Rationale for Rectal Washout download a pdf version of this page
     

Intraoperative rectal washout is performed to prevent postoperative infection and to prevent local cancer recurrence.

Rectal washout to prevent postoperative infection

Suctioning and irrigation of the rectum are frequently performed immediately prior to surgery on the left colon and rectum to remove feces that might contaminate sterile tissues or interfere with the formation of a colorectal anastomosis. The prospect of passing a circular stapler through a rectum filled with liquid or formed stool is unappealing to many surgeons. Most surgeons prefer some sort of bowel prep before anterior resection. Preoperative mechanical bowel preps remain popular. Fleet enemas are often administered a short time before surgery. Many surgeons use a proctoscope and suction cannula to inspect and cleanse the rectum immediately before surgery. Irrigation with an antiseptic is common. The irrigation is performed through the proctoscope, or with a syringe and catheter, or with a device specially designed for rectal irrigation. However, during surgery bowel content flows downward to re-contaminate this area.

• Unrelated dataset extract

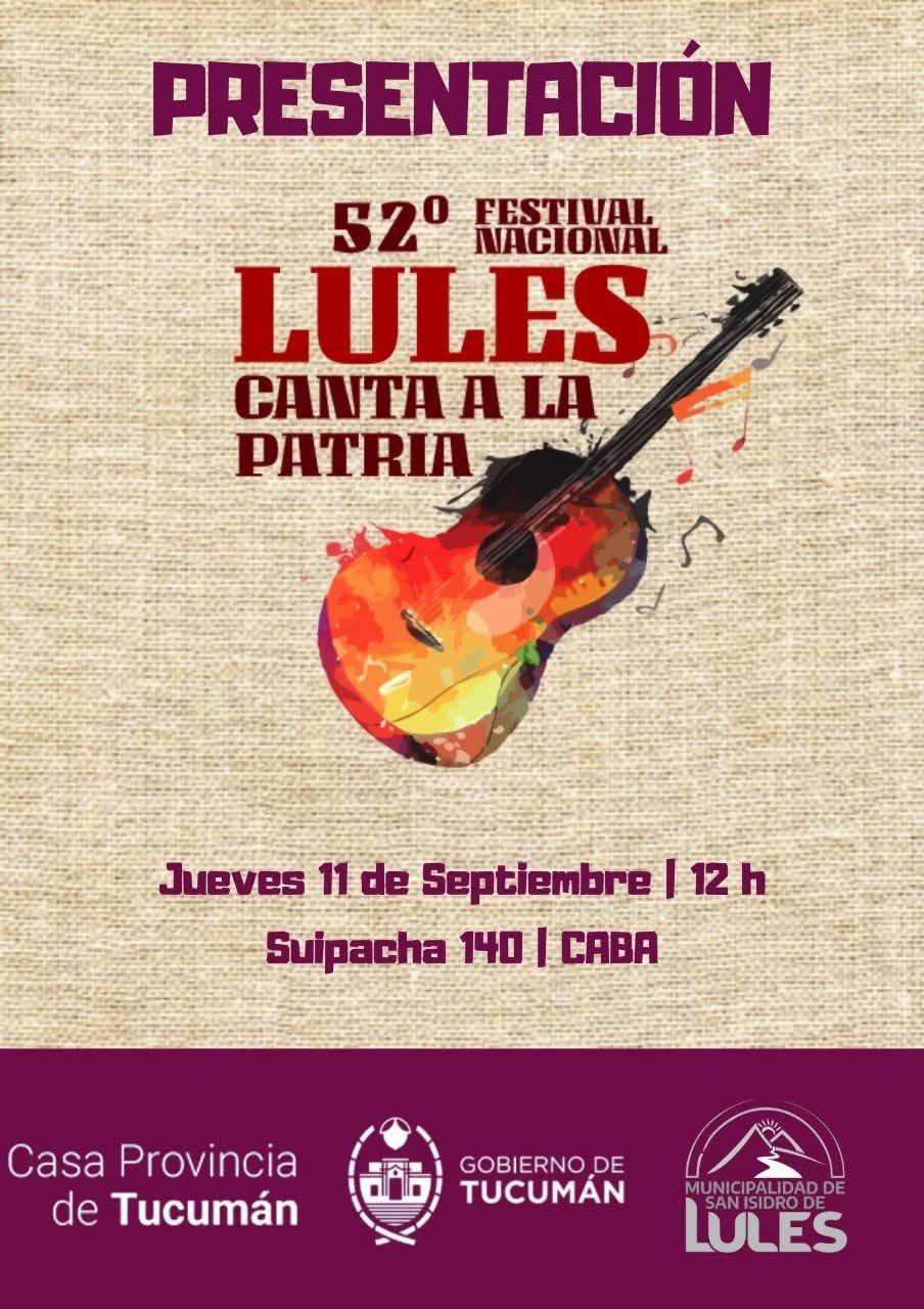 Se anuncia con entusiasmo la edición 52 del Festival “Lules Canta a la Patria”, que se realizará en Buenos Aires, calle Suipacha 140. El evento reunirá artistas, músicos y vecinos en un homenaje a nue

By clamping below a rectal tumor or diseased sigmoid colon during surgery, the rectum can be isolated and cleansed to a degree that cannot be achieved by preoperative methods. Studies have shown that no preoperative method can reliably eliminate all feces, or reduce the bacteria concentration below 105 per ml of colonic content.1-3 Even clear bowel effluent can contain as many as 106 bacteria per ml.4 However, after irrigation with an antiseptic (0.4 % Clorpactin WCS-90, a stabilized organic derivative of sodium hypochlorite), no organisms could be cultured from bowel aspirates in experimental animals.4, 5

In a randomized study of 43 patients undergoing a restorative colorectal resection, 0.3% sodium hypochlorite was superior to 2.5% povidone-iodine or 0.9% saline as a rectal washout solution to reduce bacterial counts. In 14 patients who received rectal washout with 0.3% sodium hypochlorite mean E. coli counts were reduced from log 6.1 to log 1.1 bacteria per ml and mean B. fragilis counts were reduced from log 8.1 to log 0 per ml.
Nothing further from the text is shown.